Remember, it’s not just about quality.
The metrics above give a good understanding of the quality of synthetic data. However, some caution is necessary as, in some cases, a few extreme cases may be overwhelmingly important and, if not captured by the generator, could render the synthetic data useless — like rare events for fraud detection or money laundering. In these cases we may need to skew the sampling mechanism and the metrics to capture these extremes.
Autocorrelation
If you are dealing with sequential data, like data that has a time dependency, such as bank transactions, these temporal dependencies must be preserved in the synthetic data as well. For instance, in healthcare the order of exams and treatments must be preserved: chemotherapy treatments must follow x-rays, CT scans and other medical analysis in a specific order and timing. The synthetic data should preserve this temporal pattern as well as replicate the frequency of events, costs, and outcomes. When talking about fraud detection, it’s important that seasonality patterns, like weekends and holidays, are preserved.
Even more challenging is the replication of seemingly unique events, like the Covid-19 pandemic, which proves itself a formidable challenge for any generative model.
To capture these short and long-range correlations the metric of choice is Autocorrelation with a variable lag parameter. Autocorrelation basically measures how events at time $X(t)$ are related to events at time $X(t - \delta)$ where $\delta$ is a lag parameter.

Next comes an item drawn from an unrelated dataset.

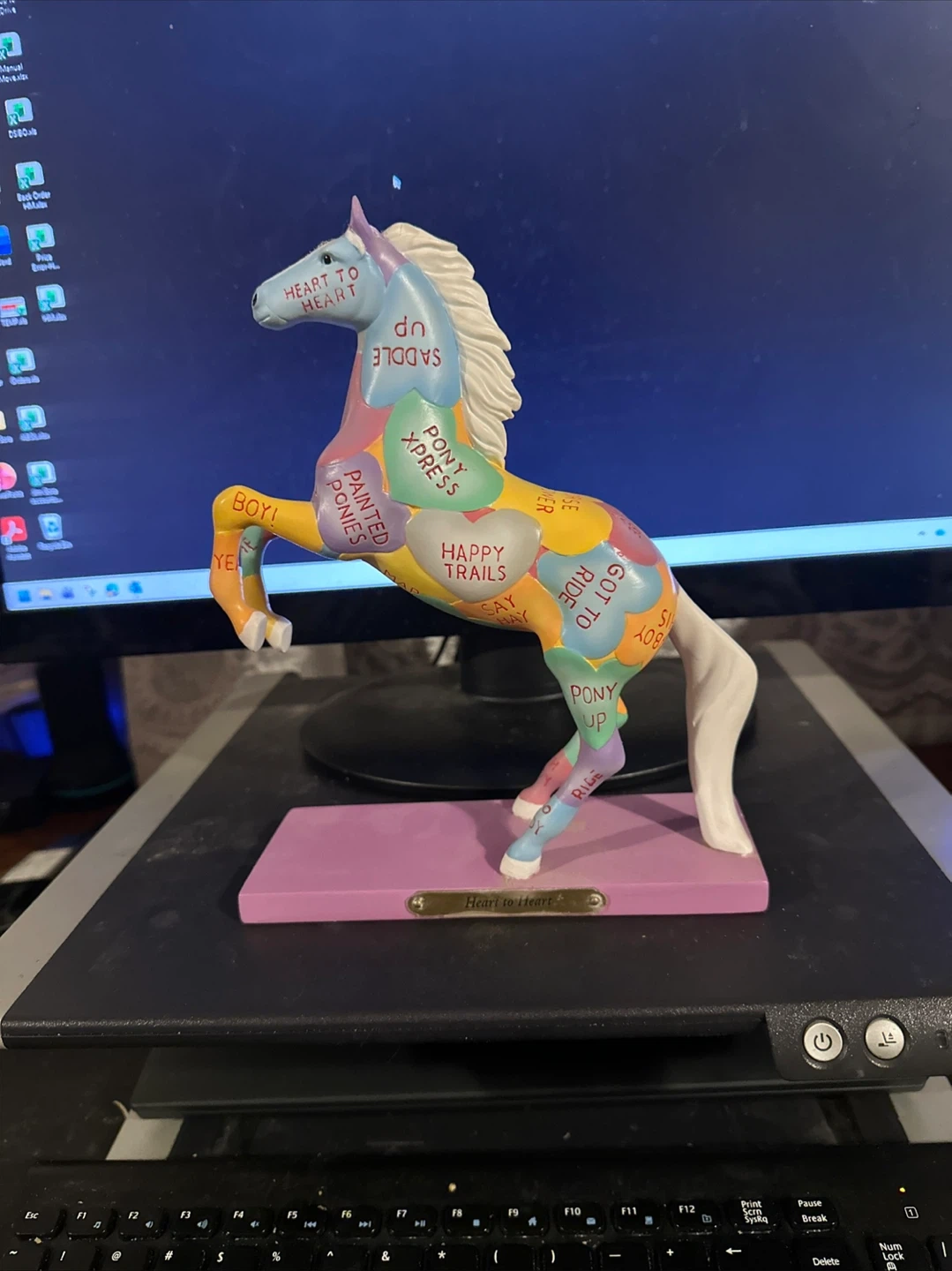 Selling a Trail of Painted Ponies figurine, the "Heart to Heart" model. It's a colorful and unique piece, perfect for collectors or anyone who loves horses. The base has a plaque that also says “Heart to Heart”.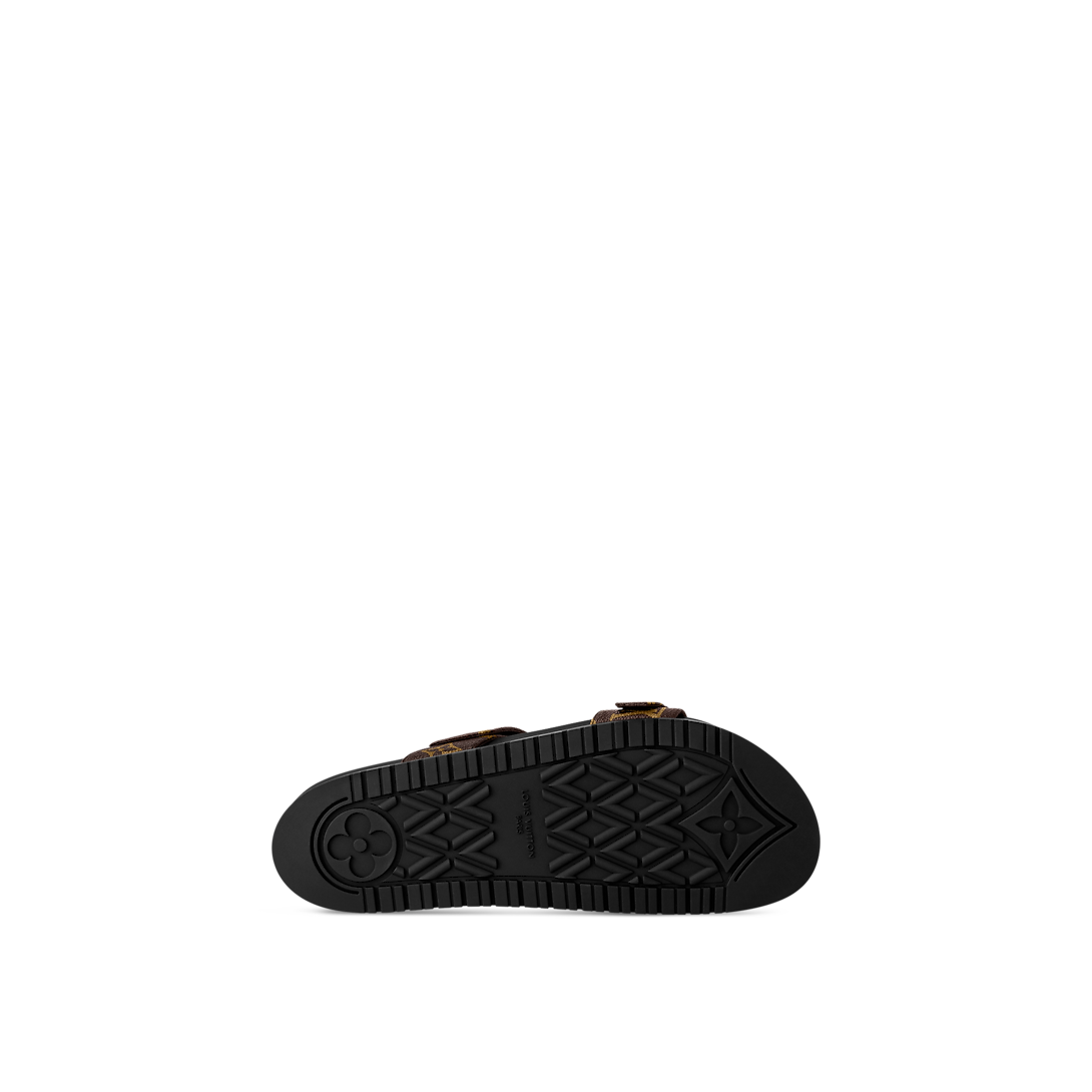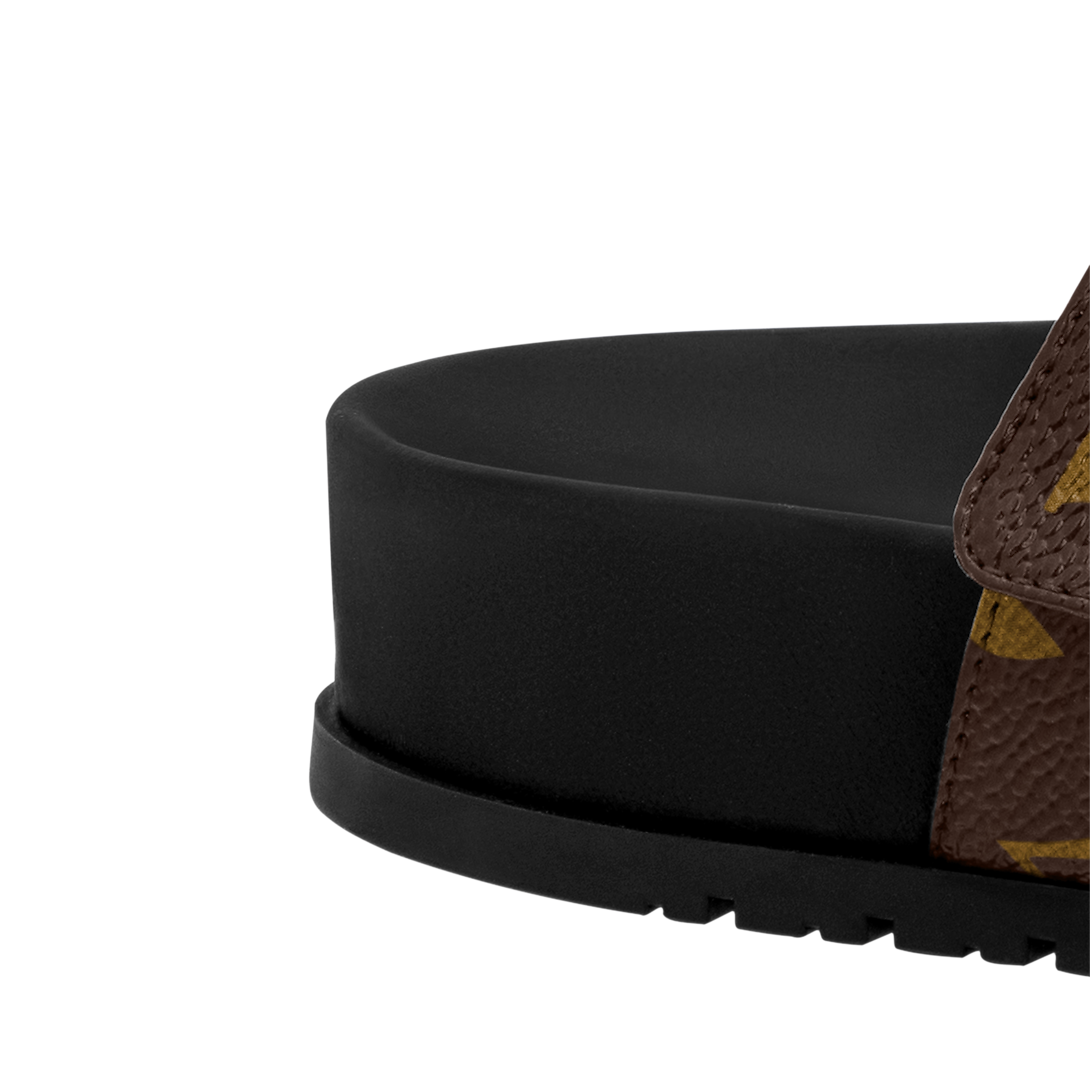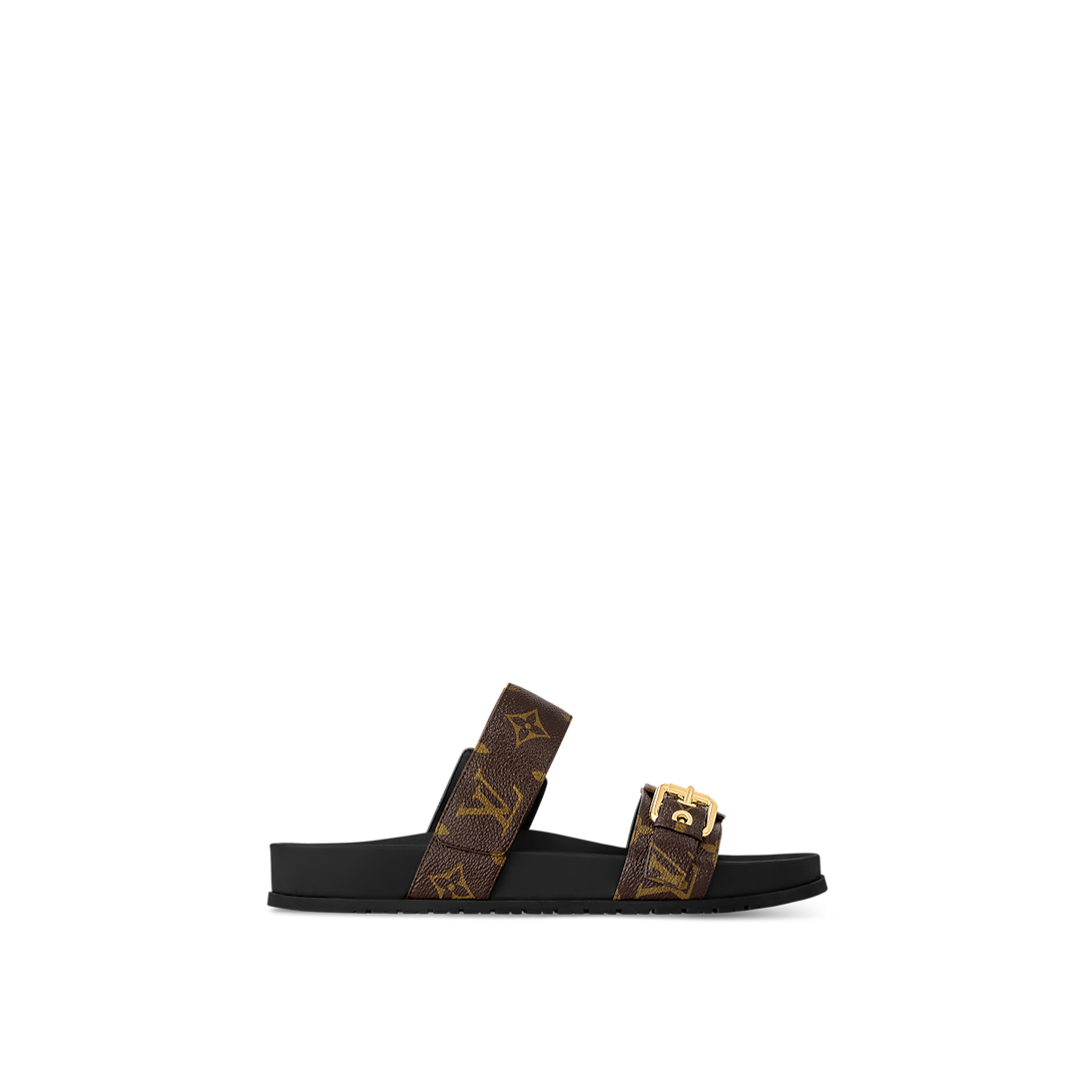 The Bom Dia flat comfort mule combines fashion and function in Louis Vuitton's signature Monogram canvas. This model is notable for its two adjustable straps: one with velcro, the other with an engraved, gold-tone buckle. An anatomic insole and a slip-resistant rubber outsole complete this effortless, on-trend style.

The autocorrelation of a sequence $y = (y_{1}, y_{2}, ... y_{n})$ is given by:
$$ AC = \sum_{i=1}^{n-k} (y_{i} - \bar{y})(y_{i+k} - \bar{y}) / \sum_{i=1}^{n} (y_{i} - \bar{y})^2 $$
Where $\bar{y}$ is the mean of $y$ . We assume events occur at a fixed rate, but this restriction does not affect the generality of the concept.
If the events are categorical instead of numeric (for instance medical exams), the same concept still applies but we use Mutual Information instead.
To illustrate Autocorrelation, we consider the following EEG dataset because brainwaves are entirely unique identifiers and thus exceptionally sensitive information. This dataset contains records of EEG signals from 120 patients over a series of trials. Each sample contains measurements from 64 electrodes placed on the subjects’ scalps which were sampled at 256 Hz (3.9-msec epoch) for 1 second. As can be seen in Figure 4 the data has a complex temporal structure but with strong temporal and spatial correlations that have to be preserved in the synthetic version.
For temporal data, Hazy has a set of other metrics to capture the temporal dependencies on the data that we will discuss in detail in a subsequent post.
Whatever the metric or metrics our customers choose, we are happy that they are able to check the quality of our synthetic data for themselves, building trust and confidence in Hazy’s world-class, enterprise-grade generators.